8vo, [xxiv], 856 pp. (426-461 unpaginated as usual), contemporary half vellum over speckled boards, lightly rubbed and marked, edges red, 20th-century bookplate on pastedown, front free endpaper (top corner clipped) with two 19th-century ownership signatures and a small inscription dated 1957, a few pages with pencilled underlining and marginal reading marks, some light marginal browning and isolated spots, a very well-preserved copy.
First edition of Kant’s greatest work, the Critique of Pure Reason, widely considered the most influential book in philosophy since Aristotle. Warda 59; Adickes 46.
‘Kant does, I must say, make writers like Locke and Berkeley, and indeed Hume, excellent though they are, look to me rather like amateurs’ (Sir Geoffrey Warnock in Magee, The Great Philosophers, BBC Books, 1987, p. 187).

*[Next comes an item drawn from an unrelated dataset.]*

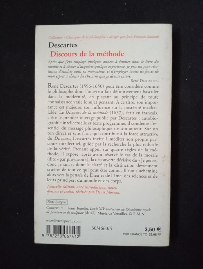 Je vends ce livre "Discours de la méthode" de Descartes, édition de poche. - Titre : Discours de la méthode - Auteur : Descartes - Éditeur : Le Livre de Poche - Année d'édition : Nouvelle édition - Format : Poche Bon état N'hésitez pas à me contacter pour plus d'informations !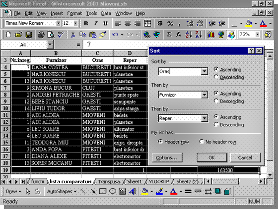 c) In caseta de dialog indicam cele doua sau trei coloane dupa care se va face ordonarea; ordonarea trebuie facuta începând cu cel mai înalt nivel

‘Kant’s great achievement was to conclude finally the lines on which philosophical speculation had proceeded in the eighteenth century, and to open up a new and more comprehensive system of dealing with the problems of philosophy. The influence of Kant is paramount in the critical method of modern philosophy. No other thinker has been able to hold with such firmness the balance between speculative and empirical ideas. His penetrating analysis of the elements involved in synthesis, and the subjective process by which these elements are realized in the individual consciousness, demonstrated the operation of “pure reason”; and the simplicity and cogency of his arguments achieved immediate fame. Kant’s achievements in other branches of philosophy were equally distinguished and fruitful. His methods dominated western philosophical thought throughout the nineteenth century, as they do today’ (Printing and the Mind of Man 226).